## What this task involves
Before copying, remove every picture, and then repeat all entries below precisely as written.

#### Provided data

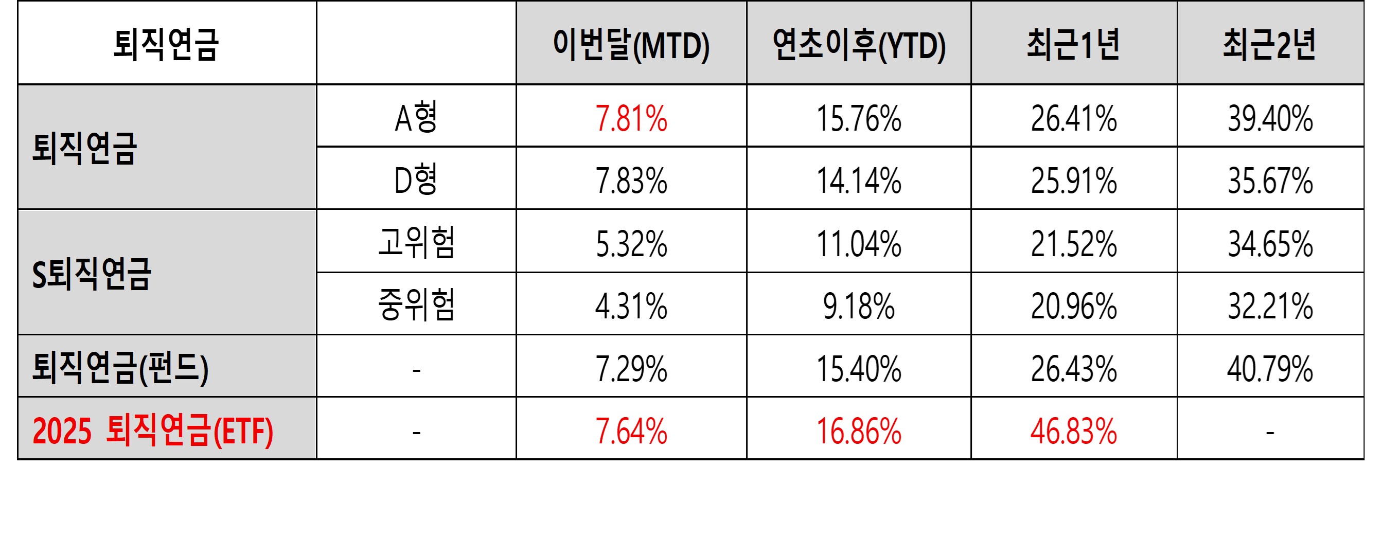 -부문내 최고 수익률(최근 1년 성과 기준): 전월에 이어 2025 연금저축ETF와 퇴직연금ETF가 부문내 최고 수익률 기록함. Core자산 중 국내 지수형의 차별적 성과 및
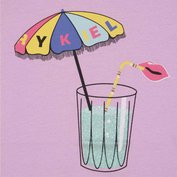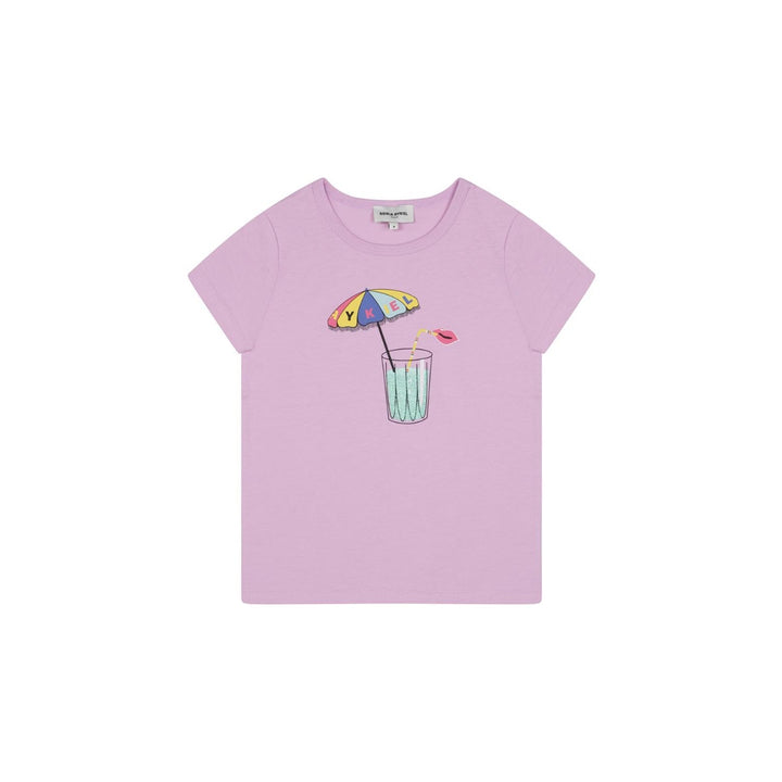 Girls Purple-print short-sleeve T-shirt from SONIA RYKIEL ENFANT featuring lilac purple, cotton, jersey knit, graphic print to the front, logo print to the rear, round neck, short sleeves and straight hem.
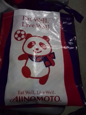 その味の素さん、ビジターの自分らにまで商品をくれるのは有難いし、それを入れてくれている手提げの片面アジパンダはまだ良いんだが・・・。
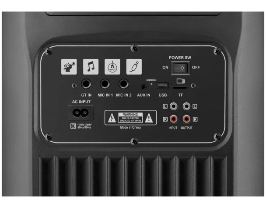 Не менш цікавою функцією є режим караоке, завдяки якому ви зможете підключити мікрофон (є два мікрофонних входи з регулюванням гучності та луна-ефектом) і дозволити собі та друзям відчути себе справжніми зірками сцени. Підключення гітари додає нових можливостей для творчості, перетворюючи систему на повноцінний музичний центр.
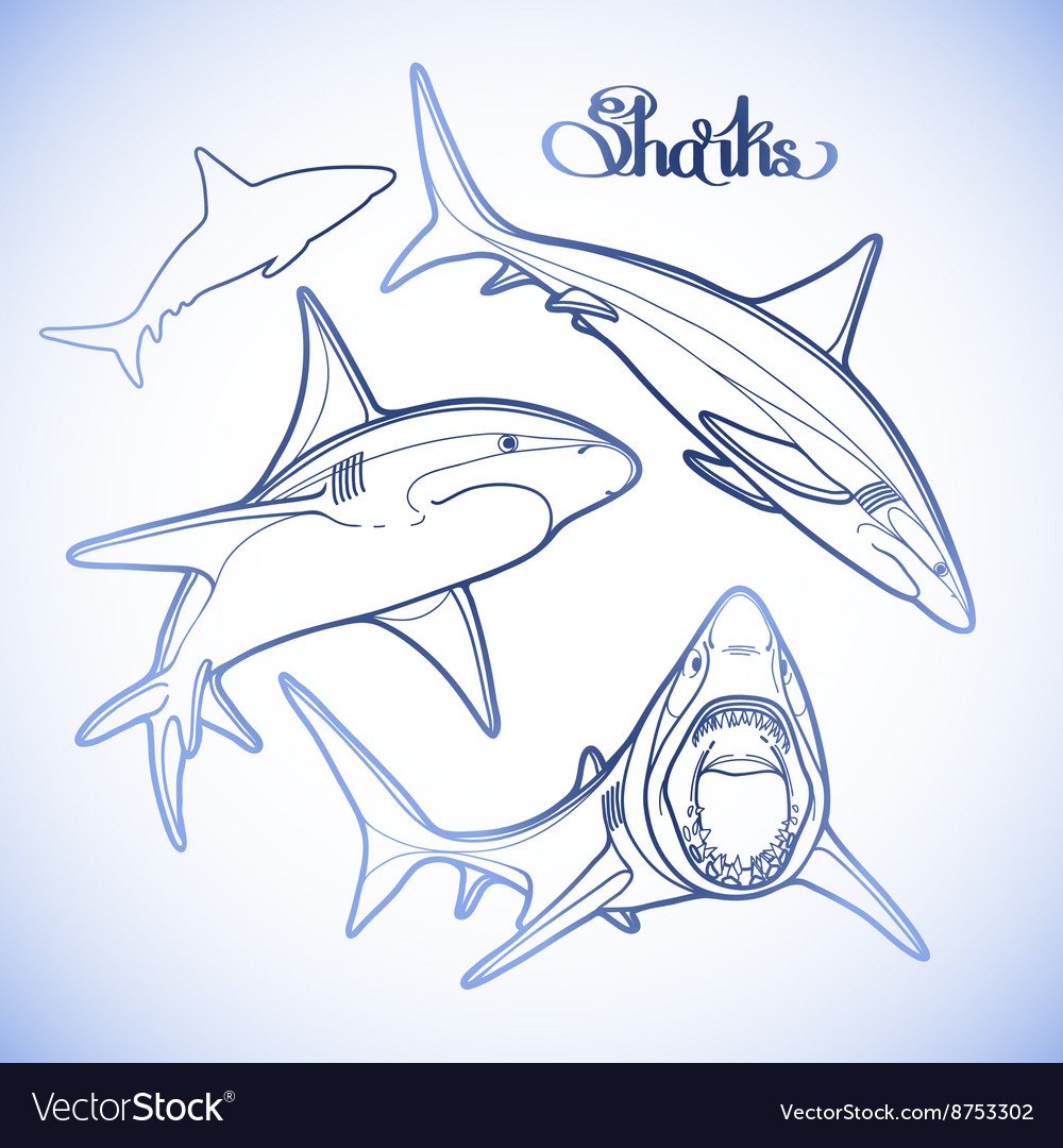 Много акул рисунок
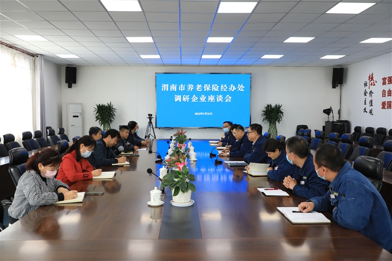 3月31日,渭南市養(yǎng)老保險經(jīng)辦處副處長劉忠讓、韓城市養(yǎng)老經(jīng)辦中心主任成軍奇一行來公司走訪調(diào)研,并召開座談會。公司副總經(jīng)理朱元洲、行政管理部相關(guān)負(fù)責(zé)人參加。
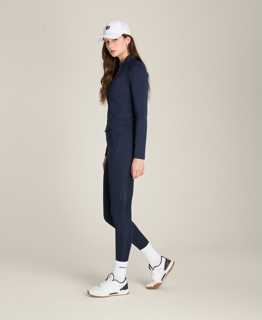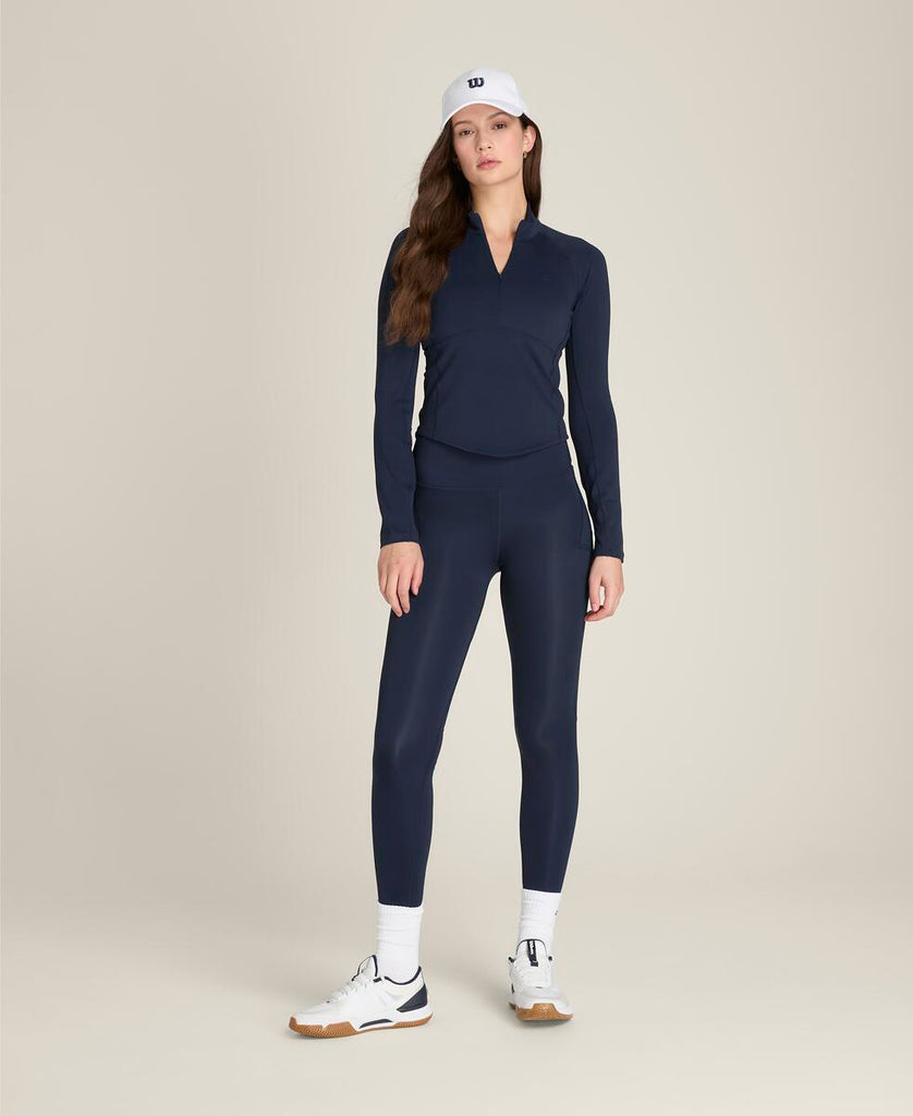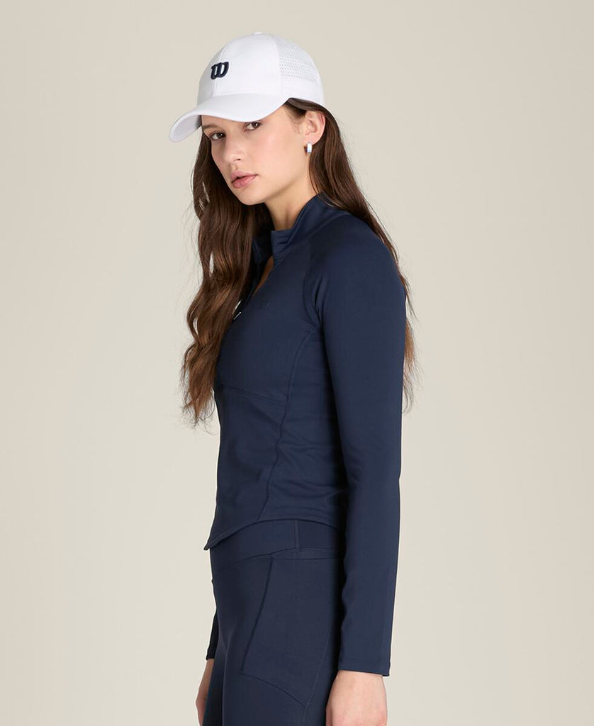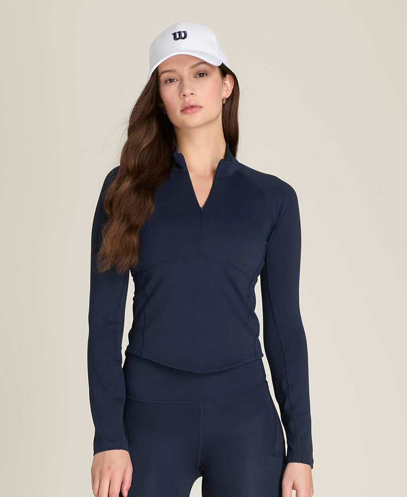 涼しい季節のプレーに最適な、機能性に優れたテクニカルトップ。厚みのあるソフトな素材が、速乾性・UVカット性を備え、単体でもレイヤードでも活躍。首元は後ろを高めに設計し、日差しから守る。脇下の立体縫製が摩擦を軽減し、快適な着用感をサポート。
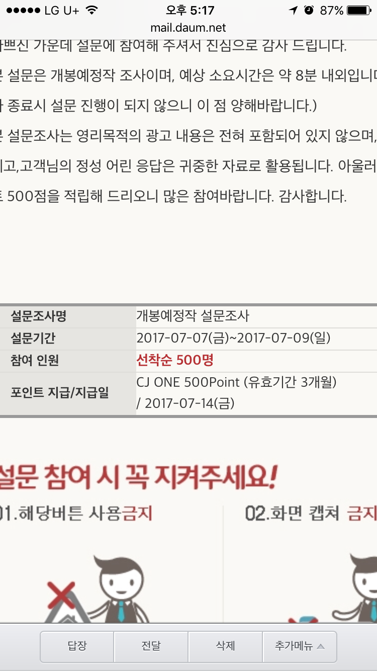 분기에 한번 꼴로 cgv 설문조사 메일 > 자유게시판
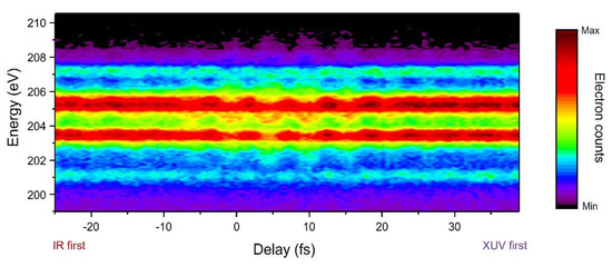 Figure 7 shows the evolution of electron spectra following core excitation. The spectra were recorded after exposure of argon atoms to a 200-attosecond soft X-ray pulse and a femtosecond IR pulse at different delays between them. A negative delay corresponds to an earlier IR pulse arrival. The plot shows the evolution of the L2,3M2,3M2,3 Auger lines with delay. The IR laser peak intensity was evaluated as . The IR laser field spreads the kinetic energy of the Auger electrons and induces clear sideband structures. The evolution of the first-order sidebands of the two strong Auger peaks (203.5 eV and 205.2 eV) shows strong modulation along the delay. The Auger peak of 207.2 eV also oscillates with the same frequency and phase as the two strong peak’s oscillation. It means that the Auger electrons from these channels have the same initial phase. The peak at 201.1 eV is too weak to see any clear structures.
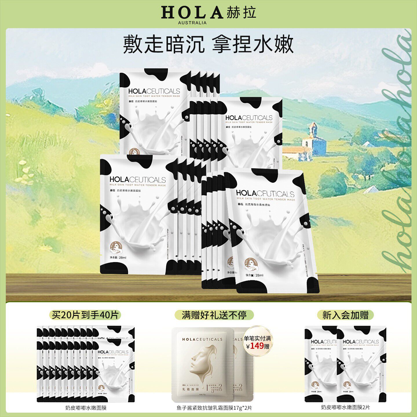 Hola赫拉奶皮面膜牛奶补水保湿烟酰胺提亮熬夜去黄暗沉平价面膜
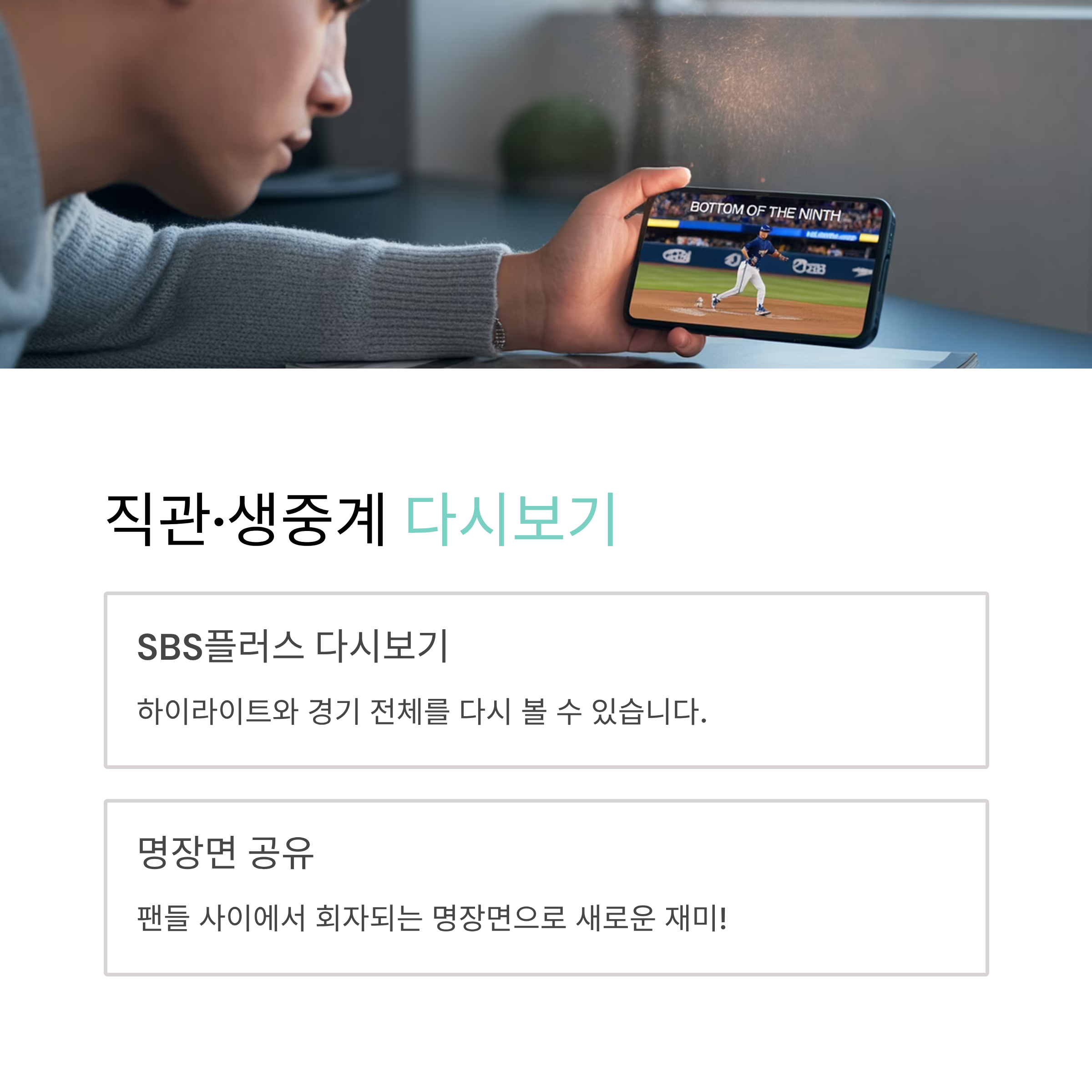 직관을 놓쳤더라도 SBS플러스의 다시보기 서비스를 통해 하이라이트와 경기 전체를 확인할 수 있습니다.
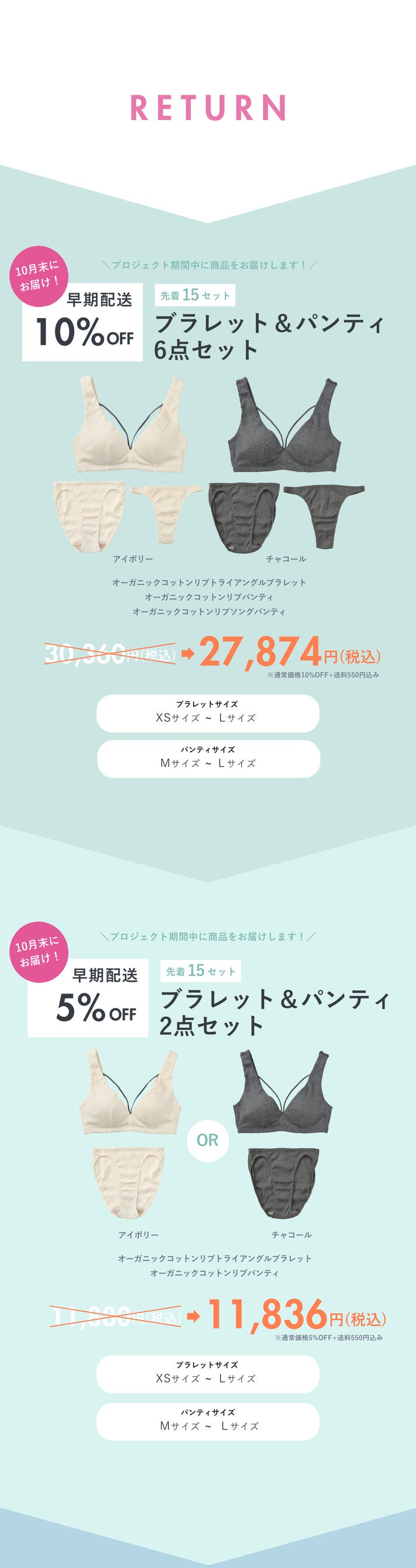 - 毎日着用する下着のストレスをゼロに!上下セットでお得に、最短10月末お届け!
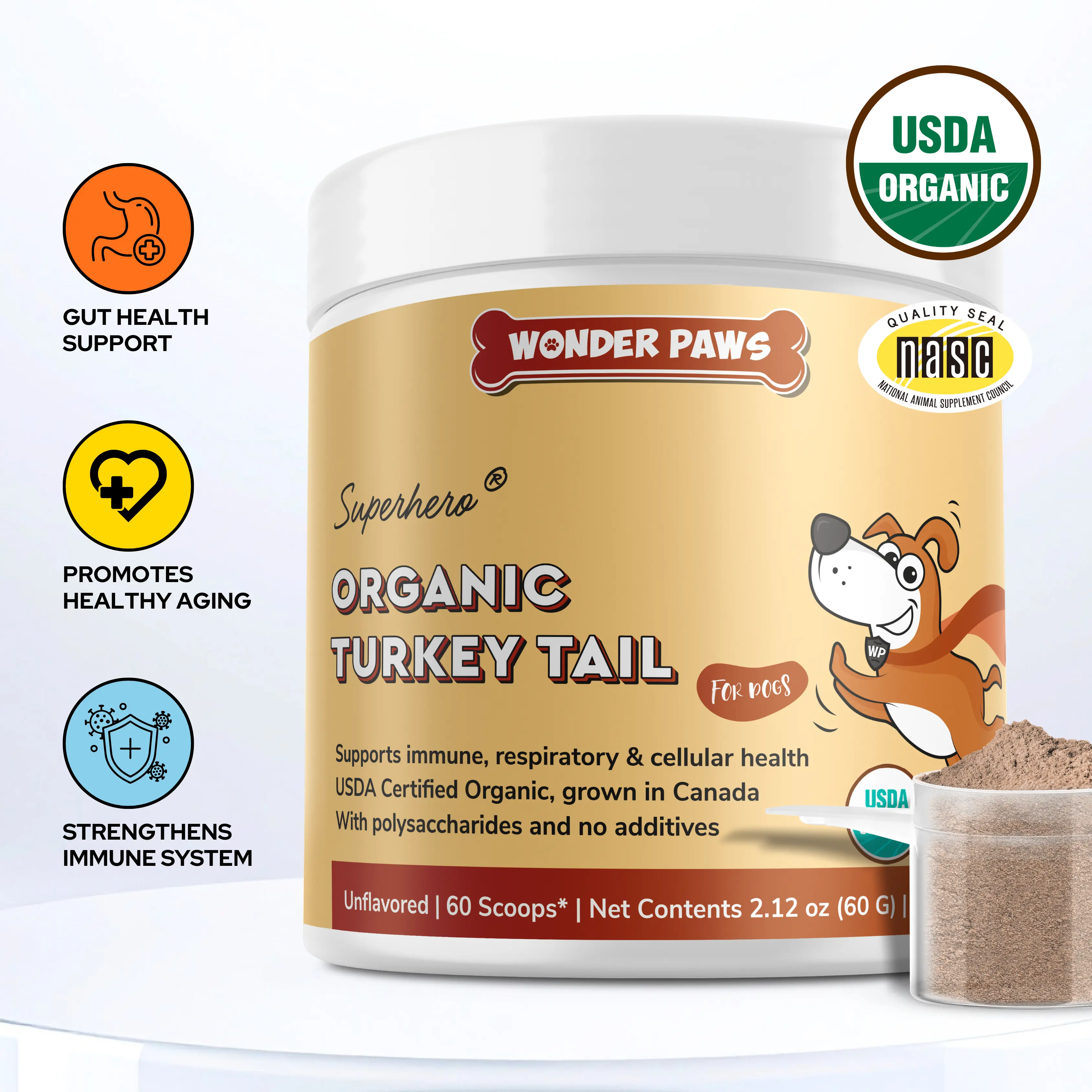 Soporte Inmunológico y Celular: Es el principal beneficio promocionado y reportado. Muchos dueños lo usan para apoyar a sus perros con bultos, protuberancias (lumps and bumps) o para el apoyo general contra el cáncer/tumores, a menudo con la esperanza de ralentizar su progresión o apoyar la salud celular.
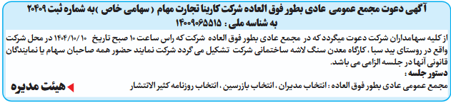 آگهی دعوت مجمع عمومی عادی بطور فوق العاده

########

## Exercise answer
 -부문내 최고 수익률(최근 1년 성과 기준): 전월에 이어 2025 연금저축ETF와 퇴직연금ETF가 부문내 최고 수익률 기록함. Core자산 중 국내 지수형의 차별적 성과 및
 Girls Purple-print short-sleeve T-shirt from SONIA RYKIEL ENFANT featuring lilac purple, cotton, jersey knit, graphic print to the front, logo print to the rear, round neck, short sleeves and straight hem.
 その味の素さん、ビジターの自分らにまで商品をくれるのは有難いし、それを入れてくれている手提げの片面アジパンダはまだ良いんだが・・・。
 Не менш цікавою функцією є режим караоке, завдяки якому ви зможете підключити мікрофон (є два мікрофонних входи з регулюванням гучності та луна-ефектом) і дозволити собі та друзям відчути себе справжніми зірками сцени. Підключення гітари додає нових можливостей для творчості, перетворюючи систему на повноцінний музичний центр.
 Много акул рисунок
 3月31日,渭南市養(yǎng)老保險經(jīng)辦處副處長劉忠讓、韓城市養(yǎng)老經(jīng)辦中心主任成軍奇一行來公司走訪調(diào)研,并召開座談會。公司副總經(jīng)理朱元洲、行政管理部相關(guān)負(fù)責(zé)人參加。
 涼しい季節のプレーに最適な、機能性に優れたテクニカルトップ。厚みのあるソフトな素材が、速乾性・UVカット性を備え、単体でもレイヤードでも活躍。首元は後ろを高めに設計し、日差しから守る。脇下の立体縫製が摩擦を軽減し、快適な着用感をサポート。
 분기에 한번 꼴로 cgv 설문조사 메일 > 자유게시판
 Figure 7 shows the evolution of electron spectra following core excitation. The spectra were recorded after exposure of argon atoms to a 200-attosecond soft X-ray pulse and a femtosecond IR pulse at different delays between them. A negative delay corresponds to an earlier IR pulse arrival. The plot shows the evolution of the L2,3M2,3M2,3 Auger lines with delay. The IR laser peak intensity was evaluated as . The IR laser field spreads the kinetic energy of the Auger electrons and induces clear sideband structures. The evolution of the first-order sidebands of the two strong Auger peaks (203.5 eV and 205.2 eV) shows strong modulation along the delay. The Auger peak of 207.2 eV also oscillates with the same frequency and phase as the two strong peak’s oscillation. It means that the Auger electrons from these channels have the same initial phase. The peak at 201.1 eV is too weak to see any clear structures.
 Hola赫拉奶皮面膜牛奶补水保湿烟酰胺提亮熬夜去黄暗沉平价面膜
 직관을 놓쳤더라도 SBS플러스의 다시보기 서비스를 통해 하이라이트와 경기 전체를 확인할 수 있습니다.
 - 毎日着用する下着のストレスをゼロに!上下セットでお得に、最短10月末お届け!
 Soporte Inmunológico y Celular: Es el principal beneficio promocionado y reportado. Muchos dueños lo usan para apoyar a sus perros con bultos, protuberancias (lumps and bumps) o para el apoyo general contra el cáncer/tumores, a menudo con la esperanza de ralentizar su progresión o apoyar la salud celular.
 آگهی دعوت مجمع عمومی عادی بطور فوق العاده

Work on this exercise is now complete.